Data section —
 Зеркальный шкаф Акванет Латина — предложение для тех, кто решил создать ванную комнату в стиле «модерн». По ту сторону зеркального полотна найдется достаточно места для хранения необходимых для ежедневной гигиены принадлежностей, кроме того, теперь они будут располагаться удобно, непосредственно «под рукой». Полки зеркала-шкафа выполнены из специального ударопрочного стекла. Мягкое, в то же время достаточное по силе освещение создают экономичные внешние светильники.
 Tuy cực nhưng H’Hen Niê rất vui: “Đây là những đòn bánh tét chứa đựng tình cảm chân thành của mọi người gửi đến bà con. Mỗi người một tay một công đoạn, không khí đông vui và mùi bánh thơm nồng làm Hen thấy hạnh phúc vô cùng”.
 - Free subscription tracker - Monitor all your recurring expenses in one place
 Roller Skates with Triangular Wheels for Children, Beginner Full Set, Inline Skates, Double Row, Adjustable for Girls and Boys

...

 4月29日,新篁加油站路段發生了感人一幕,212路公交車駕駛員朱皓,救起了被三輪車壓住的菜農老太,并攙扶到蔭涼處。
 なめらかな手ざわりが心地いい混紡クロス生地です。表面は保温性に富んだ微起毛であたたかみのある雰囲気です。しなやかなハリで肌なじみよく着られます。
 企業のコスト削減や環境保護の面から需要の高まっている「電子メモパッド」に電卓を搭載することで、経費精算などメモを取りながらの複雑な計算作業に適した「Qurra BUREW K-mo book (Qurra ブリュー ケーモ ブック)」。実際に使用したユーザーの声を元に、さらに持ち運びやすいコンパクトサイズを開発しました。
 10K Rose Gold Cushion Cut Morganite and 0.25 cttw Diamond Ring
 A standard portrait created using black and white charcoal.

==

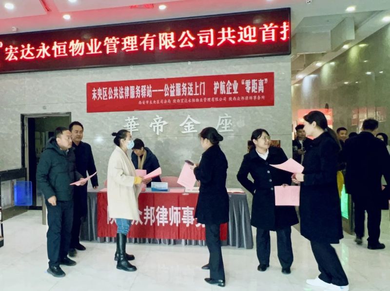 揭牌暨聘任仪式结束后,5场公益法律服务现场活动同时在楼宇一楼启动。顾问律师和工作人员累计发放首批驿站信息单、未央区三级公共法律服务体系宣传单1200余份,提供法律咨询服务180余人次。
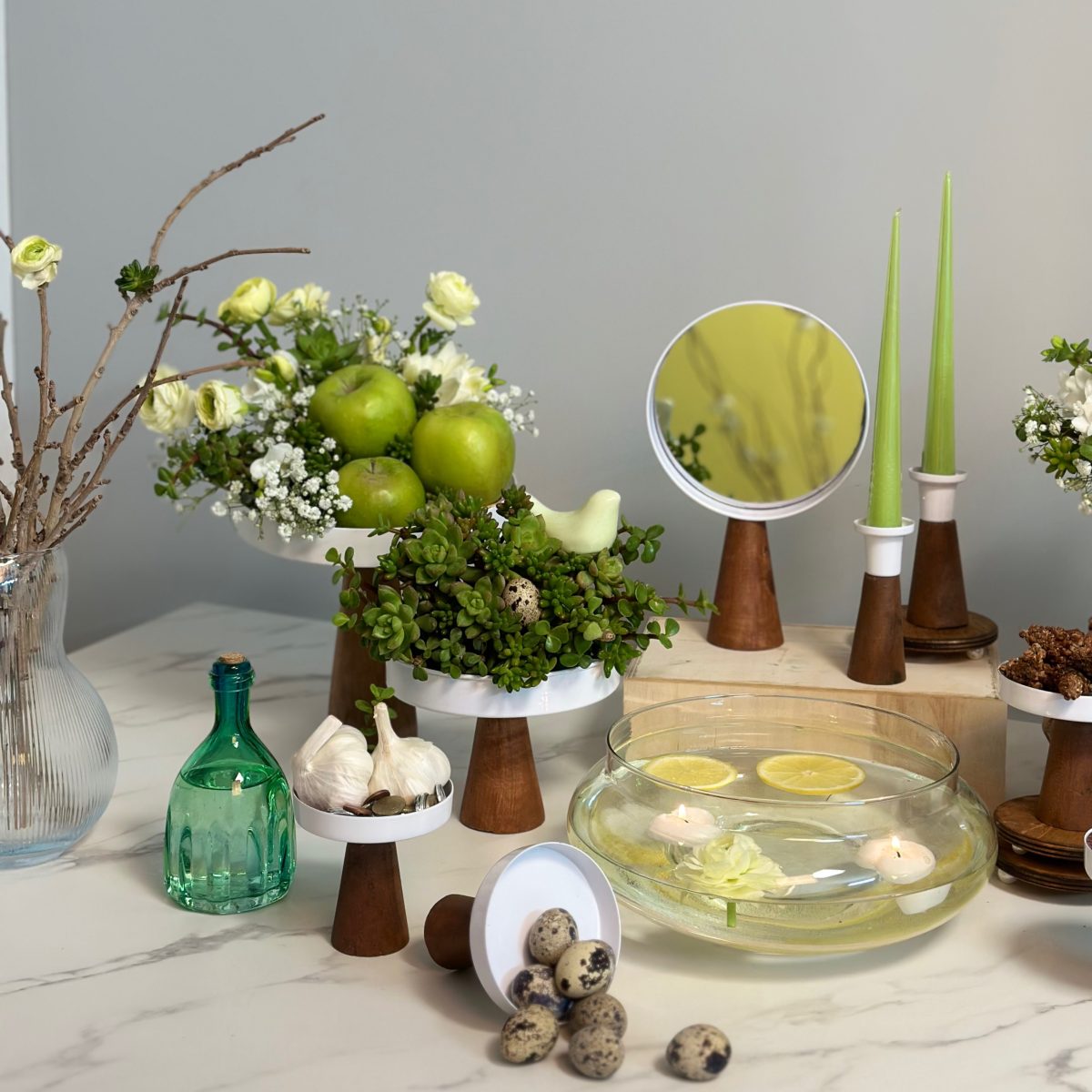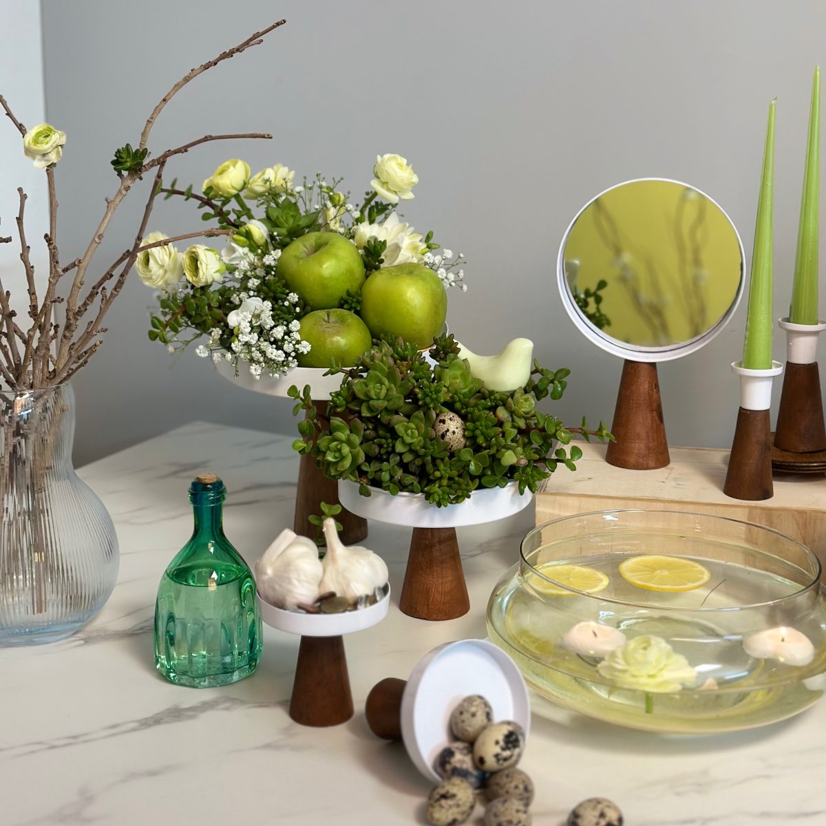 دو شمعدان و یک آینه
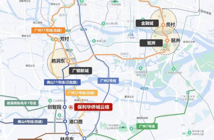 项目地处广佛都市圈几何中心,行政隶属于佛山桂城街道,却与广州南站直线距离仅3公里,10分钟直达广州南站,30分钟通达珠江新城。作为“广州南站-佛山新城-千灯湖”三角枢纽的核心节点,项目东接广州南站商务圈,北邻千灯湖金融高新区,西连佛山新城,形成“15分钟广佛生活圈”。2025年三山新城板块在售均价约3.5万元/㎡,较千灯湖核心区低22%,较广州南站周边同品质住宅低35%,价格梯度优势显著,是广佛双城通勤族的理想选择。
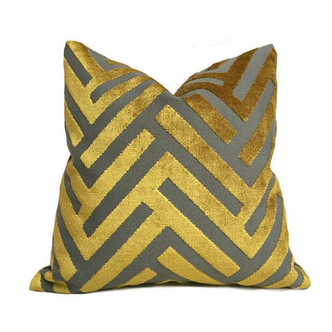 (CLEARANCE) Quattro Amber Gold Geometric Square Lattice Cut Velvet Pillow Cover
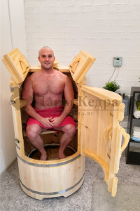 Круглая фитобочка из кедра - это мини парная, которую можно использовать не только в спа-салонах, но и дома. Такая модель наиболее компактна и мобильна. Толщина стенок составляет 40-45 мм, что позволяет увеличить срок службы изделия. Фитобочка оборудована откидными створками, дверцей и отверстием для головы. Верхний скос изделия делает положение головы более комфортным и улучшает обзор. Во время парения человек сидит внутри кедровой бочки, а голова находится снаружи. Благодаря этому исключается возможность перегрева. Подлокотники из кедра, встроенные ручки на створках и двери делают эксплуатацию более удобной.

Your task — Would you print exactly, and only, the lines of the data above from the line with "Tuy cực nhưng" through the line with "Roller Skates with", inclusive?

The completed task —
 Tuy cực nhưng H’Hen Niê rất vui: “Đây là những đòn bánh tét chứa đựng tình cảm chân thành của mọi người gửi đến bà con. Mỗi người một tay một công đoạn, không khí đông vui và mùi bánh thơm nồng làm Hen thấy hạnh phúc vô cùng”.
 - Free subscription tracker - Monitor all your recurring expenses in one place
 Roller Skates with Triangular Wheels for Children, Beginner Full Set, Inline Skates, Double Row, Adjustable for Girls and Boys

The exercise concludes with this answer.